Falling Apart Tender









So Juicy!









*Dirty Rice w/ Andouille/Chicken Livers*
1lb Jasmine rice
1-1/2lbs Andouille sausage, grilled and sliced
1lb chicken livers, dredge in seasoned flour, pan fry and chop
4C chicken broth
1 onion, diced
1T garlic, minced
Red/Yellow bell pepper, diced
Bacon grease
Cajun spice and red pepper to taste

In a medium sauce pan saute rice in bacon grease till opaque, add onion, garlic and peppers, saute for 5 minutes










































Add broth, Andouille and livers, season to taste









Bring to a boil then lower heat to a fast simmer and cook for 25-30 minutes









Stir and serve










*Glazed Grilled Carrots, Ginger/Garlic*
3lbs tender young carrots
*Glaze*
1/2C honey
1/4C olive oil
1/4C each Soy and Ponzu
2T brown sugar
1T salt
2t fresh ginger, grated
OR (***pick one***)
2t fresh garlic, finely minced

Grill carrots next to chicken till just tender, then start brushing with glaze till finished, once finished salt to taste


















*Garlic Parmesan Bread
*









*Ginger Snaps*
Ginger Snap Sandwiches of Maple Creme and Bacon
Ginger Snaps with Homemade Crystallized Ginger
Oddegan's Bacon Grease Gingersnaps Recipe


























*The Finale*


----------



## Jason (Oct 2, 2007)

Dang it son... killing me!!! I don't care fer carrots but I'd try them, they look purty good!!! When you gonna open a restaurant???


----------



## Psych0 (Jul 5, 2018)

Damn that really looks good.
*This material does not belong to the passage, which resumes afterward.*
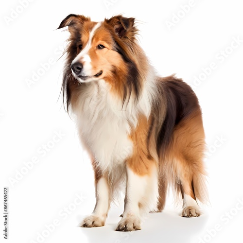 © Toseef, Fototapeta premium Rough collie dog breed standing against white background, AI Generated
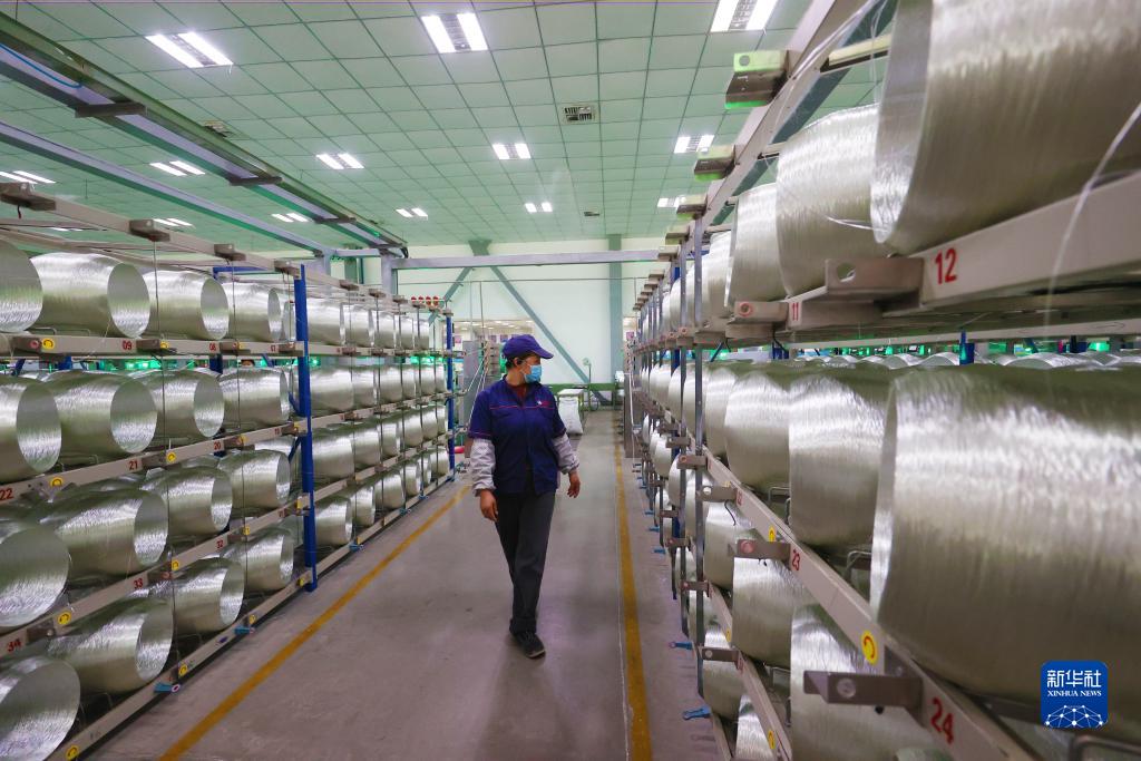12月18日,在重慶市黔江區三磊玻纖有限公司絡紗車間,工作人員在巡視自動化生産線。

So good I'm going to smoke something today


----------



## smooth move (Sep 25, 2012)

as usual----beautiful!


----------



## lettheairout (Mar 11, 2008)

Open a damn restaurant already. 

Sent from my SM-N920V using Tapatalk


----------



## H2OMARK (Oct 2, 2007)

Good Lord man I feel like one of Pavlov's dogs after looking at those pictures.


----------



## ChileRelleno (Jul 7, 2012)

Guys I'd like to say thank you for all the kind words compliments and likes on my food posts.
Really do appreciate them all.

But there just ain't no way on God's green earth I'm going to open a restaurant.
I do offer catering services but I so overpriced myself that nobody has yet to take me up on the offer.
And I like it that way.


----------



## huntnflorida (May 24, 2008)

Wow!! Looks good! One of our favorite firehouse meals are spatchcocked chickens. We normally use game hens, 1 hen per man. We normally brine them, do you see the need in that?


----------